Хотя она все-таки подумывала поговорить об этом с Джекобом. Ее саму пугало, с каким нетерпением она каждый раз ждала встречи с ним. Напрасно Клара убеждала себя, что это не по Джекобу она так скучает, а по его миру и той, зазеркальной жизни. Клара не могла насытиться историями, которые рассказывали они с Лисой, и стыдилась этого. Стоило ли завидовать всему тому, что эти двое там испытали? Разве не хотелось ей самой столько раз послать это зеркало к черту! Но снова и снова Клара выжидала минутку, чтобы проникнуть в запыленную комнату и вглядеться в стекло, за которым таился запретный для нее мир. Неужели так было и с Уиллом? Если да, то виду он, во всяком случае, не подавал.

Клара уединилась в сестринской, чтобы подготовить медицинское заключение на завтра, когда девушка, которую она видела утром в коридоре, возникла в дверях. Клара не слышала, как она вошла.

– Клара Фэбер? – Незнакомка очаровательно улыбнулась. Клара обратила внимания на ее перчатки, – несмотря на жару! – из бледно-желтой кожи. – Я должна кое-что вам передать. От поклонника.

С этими словами незваная гостья достала из сумочки шкатулку и, прежде чем Клара успела ее остановить, выложила на стол. Там, на подкладке из серебряной ткани, лежал мотылек с эмалевыми крыльями. Клара никогда не видела такой красивой броши. Еще не успев понять, что делает, она взяла мотылька на ладонь и с трудом удержалась от того, чтобы тут же не приколоть на лацкан.

– Что за поклонник?

Уилл никогда не дарил ей ничего подобного. Они едва сводили концы с концами, да и квартира обходилась недешево. Мать Уилла и Джекоба оставила после себя кучу долгов.

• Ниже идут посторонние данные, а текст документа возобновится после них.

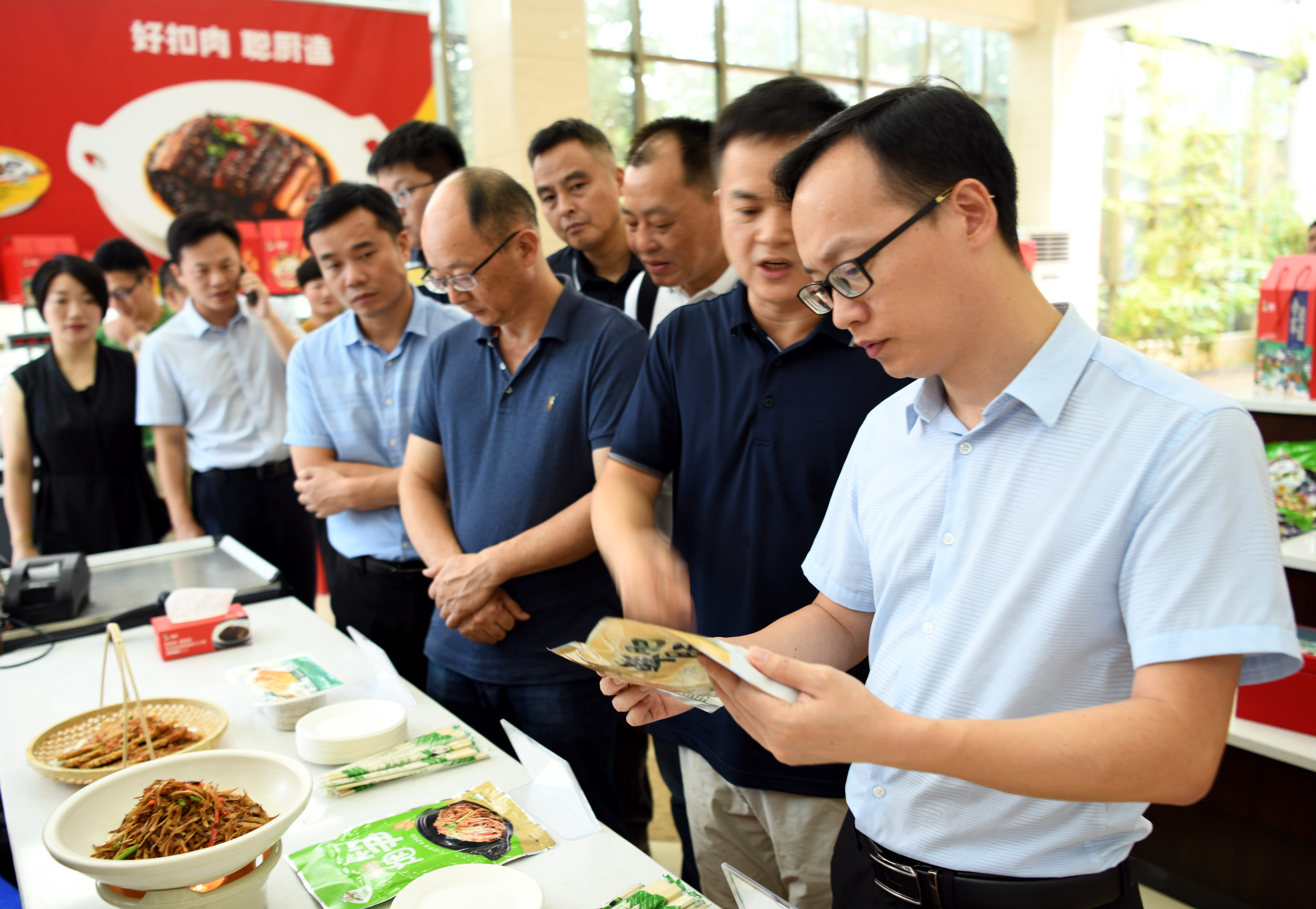 作為湘贛邊農(nóng)業(yè)產(chǎn)業(yè)化龍頭企業(yè),聰廚一直注重企業(yè)的高質(zhì)量發(fā)展,在簽約儀式正式開始之前,唐步聰董事長帶領(lǐng)江西萬載客人參觀了聰廚生產(chǎn)車間。

– Я не могу это принять. – Клара решительно положила мотылька в шкатулку и только потом заметила, что укололась.

– Клара…

Незнакомка словно смаковала ее имя. Откуда она его, собственно, знает? Ах да, беджик… Девушка снова вытащила брошь и, не обращая внимания на протесты Клары, приколола на лацкан халата.

– У вас такое имя… – продолжала она, – как бы и мне хотелось иметь имя… Шестнадцатая… о чем это говорит, кроме того, что до меня было еще пятнадцать…

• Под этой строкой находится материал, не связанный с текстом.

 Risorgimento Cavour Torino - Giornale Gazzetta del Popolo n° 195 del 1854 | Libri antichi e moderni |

О чем она? Клара увидела выступившую на пальце каплю крови. Ранка оказалась на удивление глубокой. На Клару вдруг навалилась усталость. Ничего удивительного, столько ночных дежурств за последнее время.

Она подняла глаза. Нависшее над ней лицо казалось точь-в-точь похожим на ее собственное.

– Оно такое же красивое, как имя, – прошептала незнакомка. – Но у меня много лиц.

В дверях она снова стала прежней. Только теперь Клара ее узнала: эта самая женщина была на фотографии, которую Уилл унаследовал от своей матери. Клара попыталась встать, но ударилась коленкой о стол. Ноги обмякли, и она повалилась на кресло. Спать.

– Веретено, шипы розы… – прошипела незнакомка, мгновенно изменившись в лице. – Брошь намного лучше.

Окровавленная колыбель

Золотая пряжа - _08.jpg

Женщина билась в истерике. Доннерсмарк не понимал ни слова из того, что она кричала, тыча ему в лицо окровавленной тряпкой. Оба гоильских солдата были ошеломлены человеческой несдержанностью, даже на их каменных лицах читалось некое подобие ужаса.